It's using an additional service (coveralls.io) to continuously monitor
test case coverage, but that's not necessary for all projects.
script:
lists the command needed to run the project's tests. Again, sandman
is doing some extra stuff. All your project needs is python setup.py test
.
And the after_success
portion can be dropped all together.
Once you've committed this file and activated your project's repo in TravisCI,
push to GitHub. In a few moments, you should see a build kick off on TravisCI
based on your most recent commit. If all is successful, you build will be
"green" and the status page will show that the build passed. You'll be able to
see the history of all of your project's builds at any time. This is especially
useful for multi-developer projects, where the history page can be used to see
how often a particular developer breaks the build...
You should also receive an email letting you know the build was successful.
Though you can probably configure it otherwise, you'll get emails only when the
build is broken or fixed, but not if a commit has the same outcome as the build
that preceded it. This is incredibly useful, as your not inundated by useless
"the build passed!" emails but are still alerted when something changes.
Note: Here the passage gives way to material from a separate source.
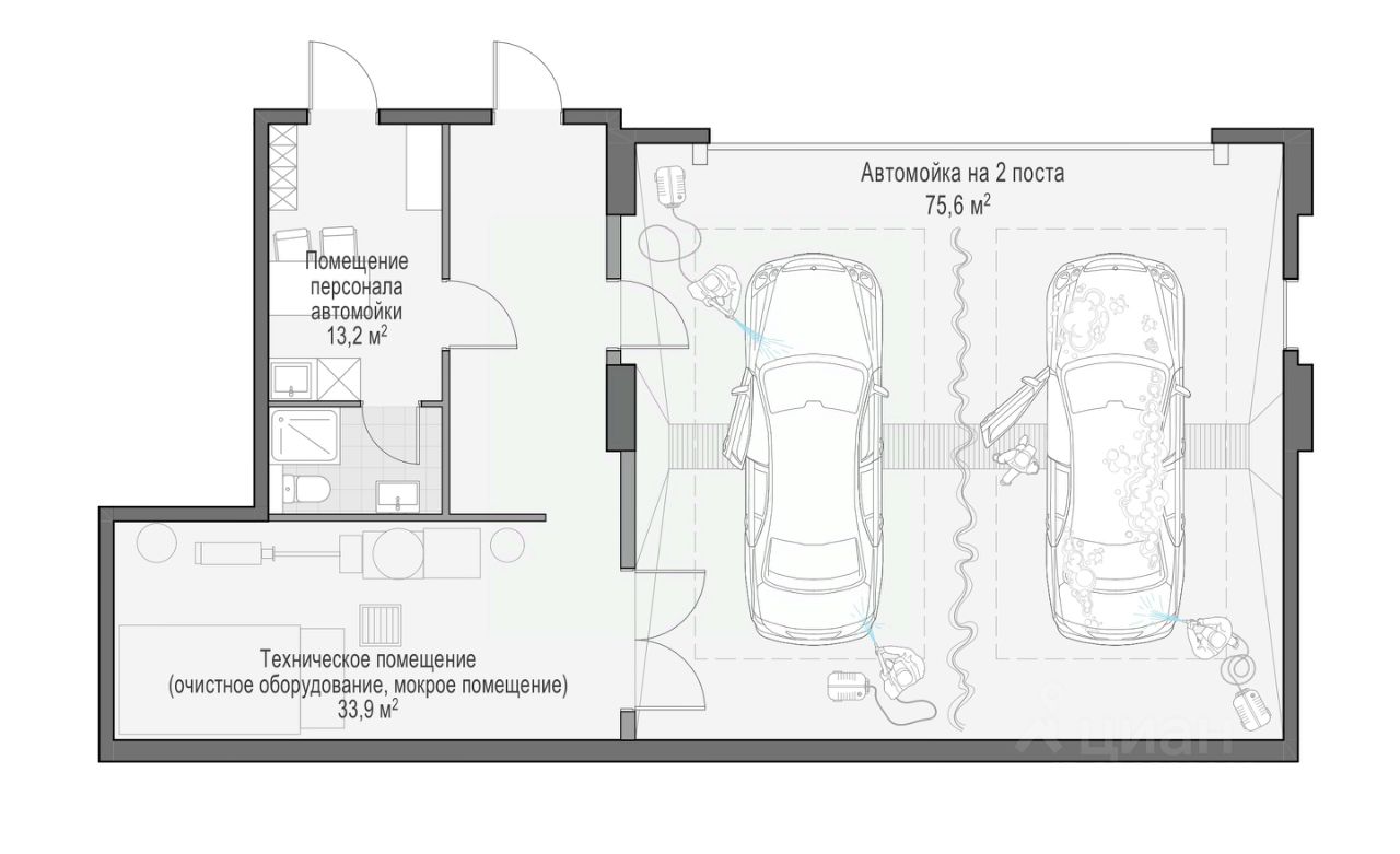 Лот, площадью 122,6 кв. м., расположен на -2 этаже подземного паркинга на 279 машино-мест готового премиального жилого квартала. Автомойка выполнена по всем технологическим стандартам, здесь комфортно разместятся 2 моечных поста, помещение персонала и технические помещения.

ReadTheDocs for Continuous Documentation Integration
While PyPI has an official documentation site (pythonhosted.org),
ReadTheDocs provides a better experience. Why?
ReadTheDocs has great integration with GitHub. Once you register on
ReadTheDocs, you'll see all of your GitHub repos. Select the appropriate repo,
do some minor configuration, and your documentation will be automatically
regenerated after each commit to GitHub.
Configuring your project should be a straightforward affair. There are a few
things to remember, though. Here's a list of configuration fields and the
values you should use which might not be immediately obvious:
- Repo: https://github.com/github_username/project_name.git
- Default Branch:
develop
- Default Version:
latest
- Python configuration file: (leave blank)
- Use
virtualenv
: (checked)
- Requirements file:
requirements.txt
- Documentation Type: Sphinx HTML
Don't Repeat Yourself
Now that you've done all that hard work to open-source an existing code base,
you likely don't want to have to repeat it all when starting a new project.
Luckily, you don't have to. Audrey Roy's Cookiecutter
tool (I've linked to the Python version, though there are versions for numerous
languages in the main repo).
Cookiecutter is a command line tool that automates the process of starting a
project in a way that makes doing the stuff discussed in this article easy.
Daniel Greenfeld (@pydanny) wrote a great
blog post about it and how it relates to the practices discussed in this article.
You should check it out: Cookiecutter: Project Templates Made Easy.
Conclusion
We've now covered all of the commands, tools, and services that go into open
sourcing an existing Python package. Sure, you could have just thrown it on
GitHub and said, "install it yourself," but no one would have. And you
wouldn't really have Open Source Software; you'd simply have "free code."
What's more, you likely never would have attracted outside contributors to your
project. By setting up your project in the manner outlined here, you've created
an easy to maintain Python package that encourages both use and contribution.
And that, after all, is the true spirit of Open Source Software, is it not?